Data for this exercise below:

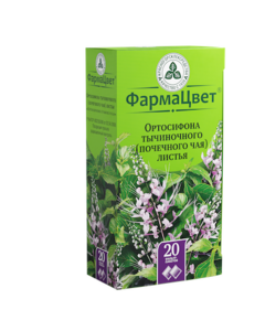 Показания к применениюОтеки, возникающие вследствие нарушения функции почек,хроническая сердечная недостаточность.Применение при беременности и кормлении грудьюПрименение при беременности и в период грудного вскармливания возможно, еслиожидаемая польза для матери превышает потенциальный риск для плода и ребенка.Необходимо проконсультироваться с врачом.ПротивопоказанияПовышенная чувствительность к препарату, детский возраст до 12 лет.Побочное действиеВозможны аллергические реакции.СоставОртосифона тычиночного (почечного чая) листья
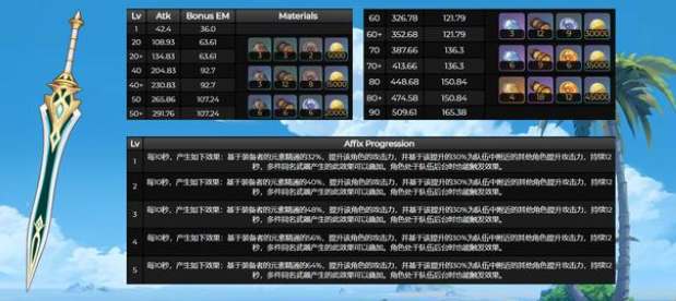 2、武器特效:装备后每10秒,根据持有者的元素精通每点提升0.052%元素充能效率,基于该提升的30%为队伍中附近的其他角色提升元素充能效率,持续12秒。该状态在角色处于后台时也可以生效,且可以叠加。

End of Data for this exercise.
Data for this exercise below:

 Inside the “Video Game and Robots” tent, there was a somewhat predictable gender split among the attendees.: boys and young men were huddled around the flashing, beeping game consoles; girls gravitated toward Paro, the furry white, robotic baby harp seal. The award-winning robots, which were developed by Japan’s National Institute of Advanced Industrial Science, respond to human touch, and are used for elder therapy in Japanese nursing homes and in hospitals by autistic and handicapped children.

End of Data for this exercise.
Data for this exercise below:

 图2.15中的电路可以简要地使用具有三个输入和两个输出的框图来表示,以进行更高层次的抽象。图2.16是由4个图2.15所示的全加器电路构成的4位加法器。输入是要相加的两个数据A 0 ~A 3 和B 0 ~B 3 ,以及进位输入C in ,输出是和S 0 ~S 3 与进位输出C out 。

End of Data for this exercise.

(What to do): Would you output the lines above from the line holding "Показания к применениюОтеки, возникающие" up to and including the line holding "2、武器特效:装备后每10秒", exactly and only those, with no pictures?

(Expected output):
 Показания к применениюОтеки, возникающие вследствие нарушения функции почек,хроническая сердечная недостаточность.Применение при беременности и кормлении грудьюПрименение при беременности и в период грудного вскармливания возможно, еслиожидаемая польза для матери превышает потенциальный риск для плода и ребенка.Необходимо проконсультироваться с врачом.ПротивопоказанияПовышенная чувствительность к препарату, детский возраст до 12 лет.Побочное действиеВозможны аллергические реакции.СоставОртосифона тычиночного (почечного чая) листья
 2、武器特效:装备后每10秒,根据持有者的元素精通每点提升0.052%元素充能效率,基于该提升的30%为队伍中附近的其他角色提升元素充能效率,持续12秒。该状态在角色处于后台时也可以生效,且可以叠加。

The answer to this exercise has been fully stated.